"""

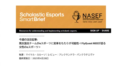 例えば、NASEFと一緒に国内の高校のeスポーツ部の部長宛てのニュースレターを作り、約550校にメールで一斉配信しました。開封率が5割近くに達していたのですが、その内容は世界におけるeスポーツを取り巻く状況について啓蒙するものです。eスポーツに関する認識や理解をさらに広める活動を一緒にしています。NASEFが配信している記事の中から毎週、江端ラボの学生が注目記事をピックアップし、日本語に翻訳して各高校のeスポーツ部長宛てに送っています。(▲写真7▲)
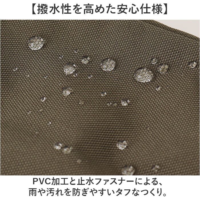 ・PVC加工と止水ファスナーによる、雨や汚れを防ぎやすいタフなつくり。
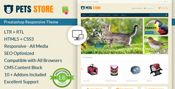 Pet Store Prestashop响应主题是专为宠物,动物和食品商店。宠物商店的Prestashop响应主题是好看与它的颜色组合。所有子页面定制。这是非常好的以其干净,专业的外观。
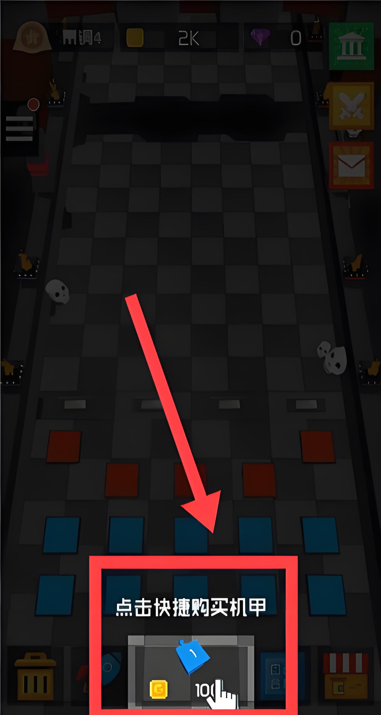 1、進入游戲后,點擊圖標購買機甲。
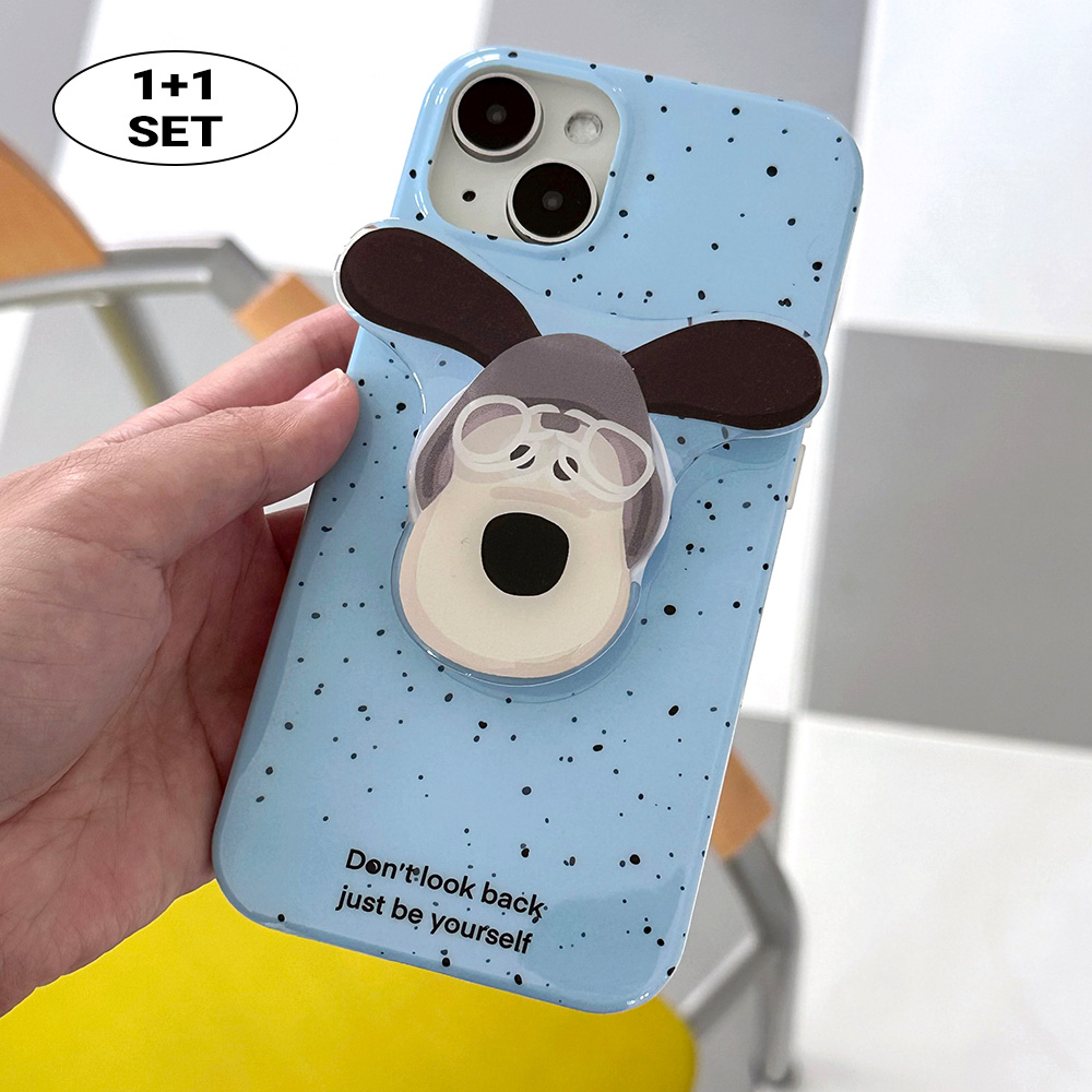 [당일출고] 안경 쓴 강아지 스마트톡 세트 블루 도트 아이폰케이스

"""

### Required action
Write out exactly the lines from the one that contains "1、進入游戲后,點擊圖標購買機甲。" through the last line of the data above, both included. Leave every picture out.

### Solution to this task
 1、進入游戲后,點擊圖標購買機甲。
 [당일출고] 안경 쓴 강아지 스마트톡 세트 블루 도트 아이폰케이스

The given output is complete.